== SUPPLIED INFORMATION ==
== Segment start ==
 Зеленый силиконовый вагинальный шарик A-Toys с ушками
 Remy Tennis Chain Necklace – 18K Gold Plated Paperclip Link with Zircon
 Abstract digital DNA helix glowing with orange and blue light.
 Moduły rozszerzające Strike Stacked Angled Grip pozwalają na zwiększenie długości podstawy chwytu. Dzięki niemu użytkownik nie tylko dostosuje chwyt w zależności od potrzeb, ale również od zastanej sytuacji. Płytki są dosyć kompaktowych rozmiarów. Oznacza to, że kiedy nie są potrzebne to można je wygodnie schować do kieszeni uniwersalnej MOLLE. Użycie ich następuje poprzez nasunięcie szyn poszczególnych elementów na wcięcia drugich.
== Segment end ==
== Segment start ==
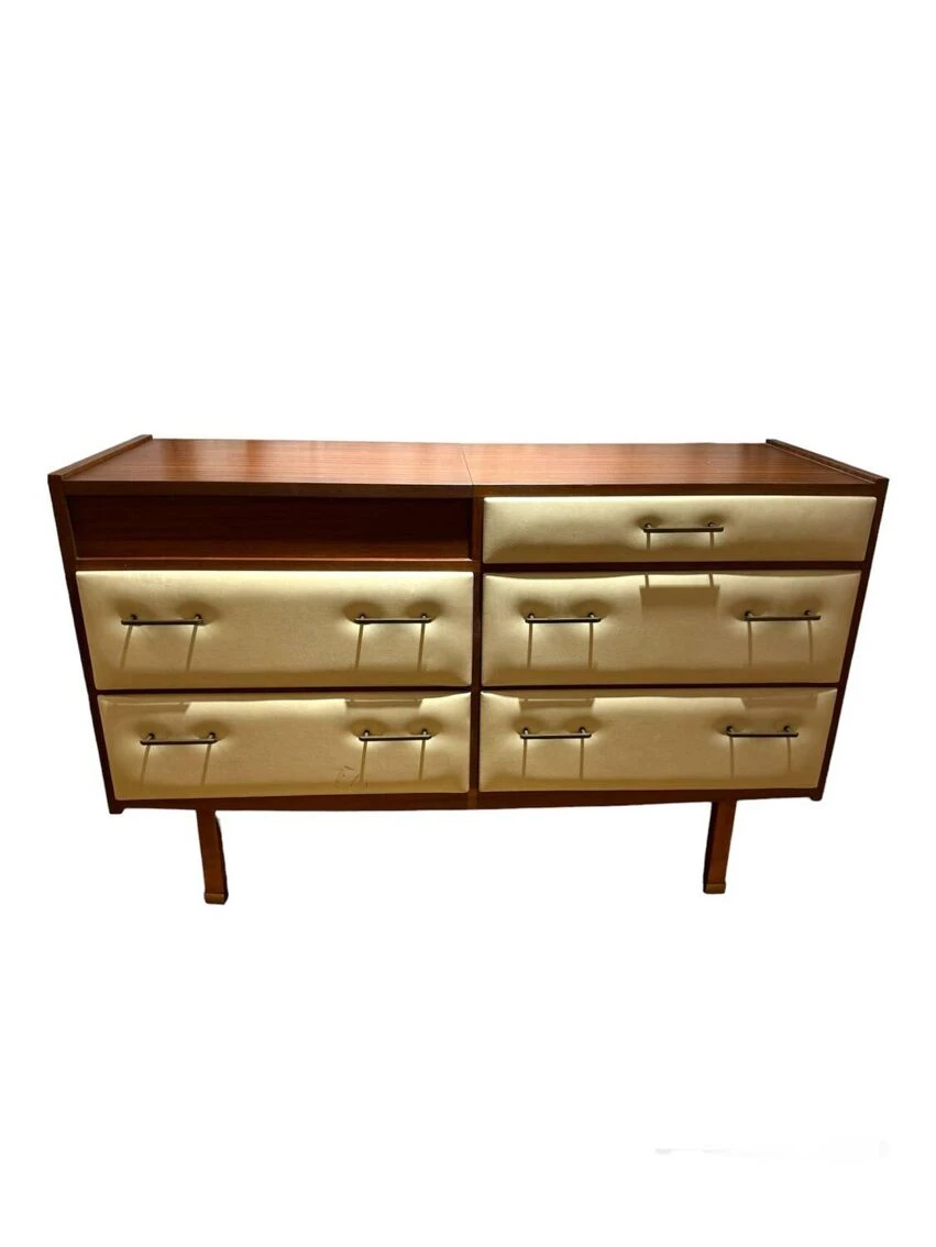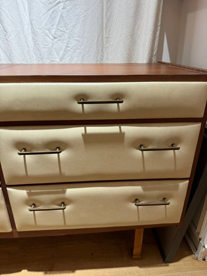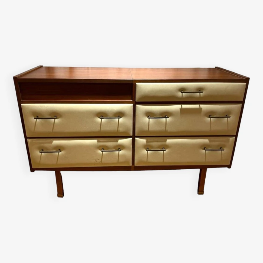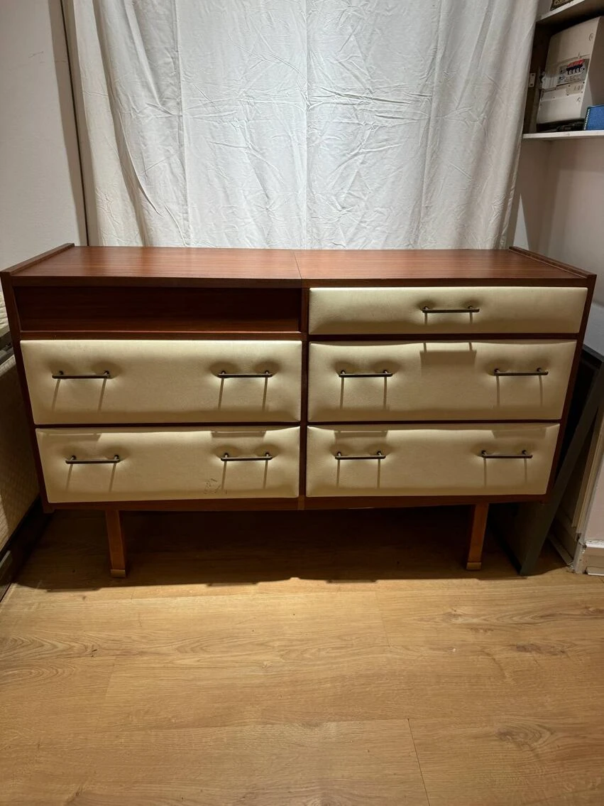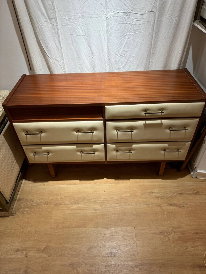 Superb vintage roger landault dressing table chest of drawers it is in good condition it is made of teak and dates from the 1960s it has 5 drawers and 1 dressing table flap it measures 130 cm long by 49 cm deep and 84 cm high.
== Segment end ==
== Segment start ==
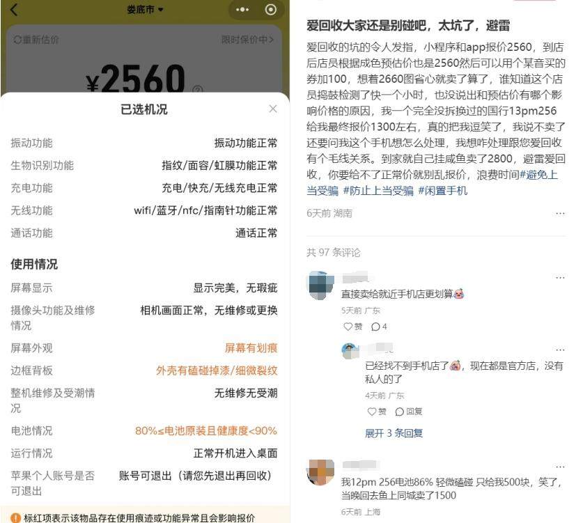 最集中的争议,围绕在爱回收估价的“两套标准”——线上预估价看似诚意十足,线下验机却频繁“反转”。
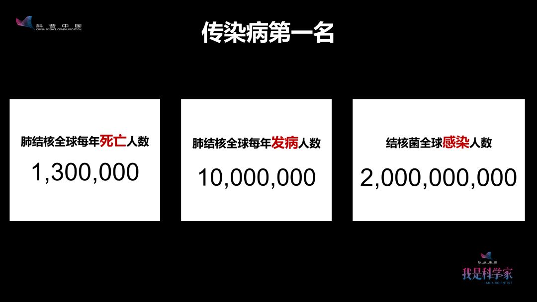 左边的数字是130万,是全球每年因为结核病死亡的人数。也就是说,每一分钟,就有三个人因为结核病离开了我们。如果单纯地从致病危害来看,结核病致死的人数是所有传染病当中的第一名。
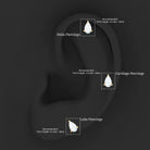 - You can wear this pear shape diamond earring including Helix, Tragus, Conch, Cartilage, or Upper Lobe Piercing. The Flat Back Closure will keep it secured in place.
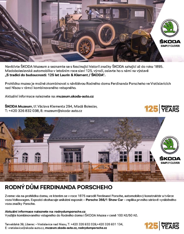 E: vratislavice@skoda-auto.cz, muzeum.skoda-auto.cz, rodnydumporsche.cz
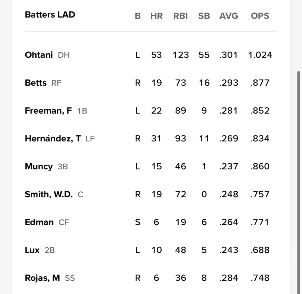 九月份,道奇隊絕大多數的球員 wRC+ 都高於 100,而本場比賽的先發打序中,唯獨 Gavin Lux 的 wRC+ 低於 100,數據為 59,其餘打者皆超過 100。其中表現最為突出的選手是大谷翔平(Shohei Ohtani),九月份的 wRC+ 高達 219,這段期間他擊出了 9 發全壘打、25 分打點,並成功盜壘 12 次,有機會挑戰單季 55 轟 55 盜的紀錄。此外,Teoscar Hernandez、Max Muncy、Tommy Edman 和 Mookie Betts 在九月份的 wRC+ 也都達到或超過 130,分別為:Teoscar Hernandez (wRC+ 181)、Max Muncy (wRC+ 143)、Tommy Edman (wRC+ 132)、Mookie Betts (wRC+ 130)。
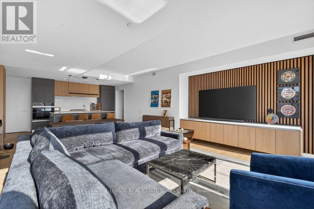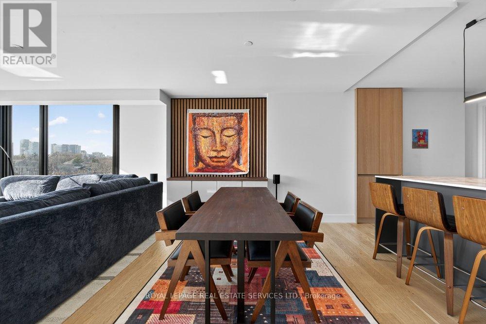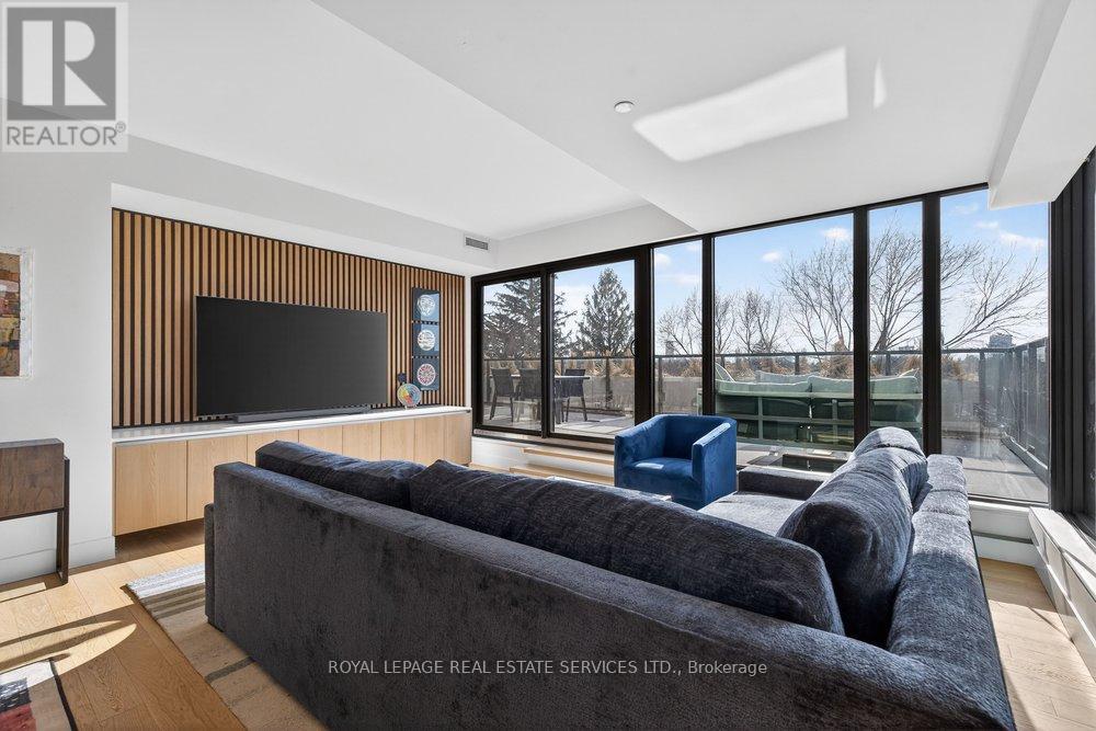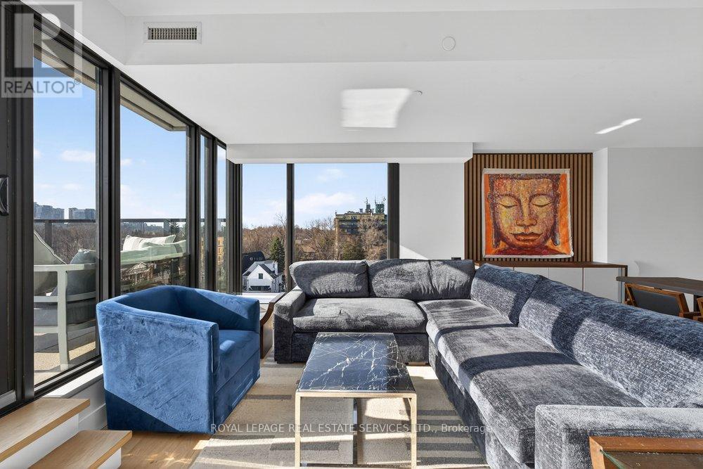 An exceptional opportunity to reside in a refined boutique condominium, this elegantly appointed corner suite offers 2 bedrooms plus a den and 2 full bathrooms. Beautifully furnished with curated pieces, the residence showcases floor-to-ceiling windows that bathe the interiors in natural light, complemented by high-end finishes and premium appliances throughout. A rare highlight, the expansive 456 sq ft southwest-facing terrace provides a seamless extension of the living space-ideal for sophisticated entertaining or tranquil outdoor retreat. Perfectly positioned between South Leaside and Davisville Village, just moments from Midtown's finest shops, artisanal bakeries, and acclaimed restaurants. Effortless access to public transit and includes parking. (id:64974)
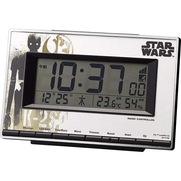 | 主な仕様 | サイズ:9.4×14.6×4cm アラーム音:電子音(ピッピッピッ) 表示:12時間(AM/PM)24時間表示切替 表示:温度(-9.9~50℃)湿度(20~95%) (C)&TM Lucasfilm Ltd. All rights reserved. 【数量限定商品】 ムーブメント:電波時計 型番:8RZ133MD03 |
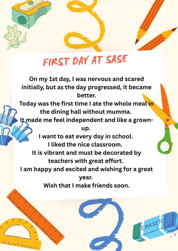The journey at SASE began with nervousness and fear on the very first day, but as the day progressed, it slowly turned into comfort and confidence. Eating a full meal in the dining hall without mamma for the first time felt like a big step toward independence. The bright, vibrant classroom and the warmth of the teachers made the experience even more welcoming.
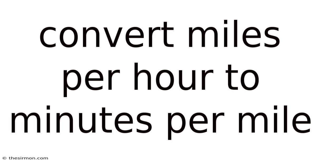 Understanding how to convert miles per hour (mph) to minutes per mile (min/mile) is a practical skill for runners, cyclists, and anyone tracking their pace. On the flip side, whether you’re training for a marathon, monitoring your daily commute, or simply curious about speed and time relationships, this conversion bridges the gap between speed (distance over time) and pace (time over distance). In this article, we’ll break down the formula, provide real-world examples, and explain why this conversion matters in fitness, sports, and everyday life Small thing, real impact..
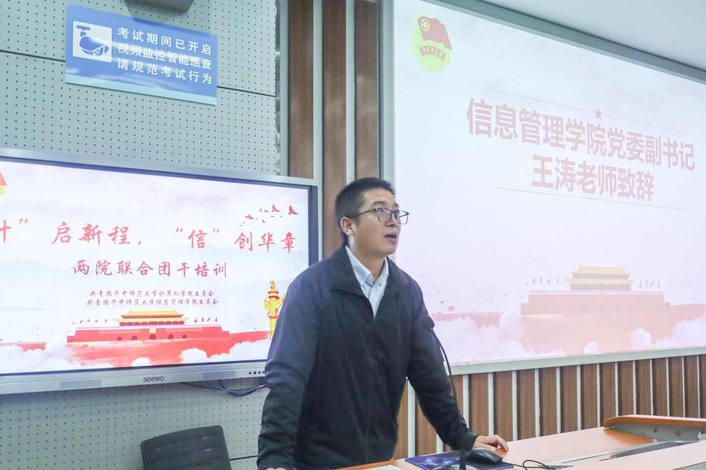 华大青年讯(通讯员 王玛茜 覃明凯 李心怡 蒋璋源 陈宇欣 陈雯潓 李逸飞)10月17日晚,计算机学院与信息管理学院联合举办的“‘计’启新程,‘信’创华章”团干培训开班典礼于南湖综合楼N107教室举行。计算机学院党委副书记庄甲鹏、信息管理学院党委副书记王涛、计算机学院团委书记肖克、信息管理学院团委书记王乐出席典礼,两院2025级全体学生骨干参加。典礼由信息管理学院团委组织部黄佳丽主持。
== Segment end ==
== TASK BRIEF ==
Copy only what runs above from the line containing "最集中的争议,围绕在爱回收估" through the line containing "左边的数字是130万,是全球", exactly. Leave out the pictures.

== PROBLEM SOLUTION ==
 最集中的争议,围绕在爱回收估价的“两套标准”——线上预估价看似诚意十足,线下验机却频繁“反转”。
 左边的数字是130万,是全球每年因为结核病死亡的人数。也就是说,每一分钟,就有三个人因为结核病离开了我们。如果单纯地从致病危害来看,结核病致死的人数是所有传染病当中的第一名。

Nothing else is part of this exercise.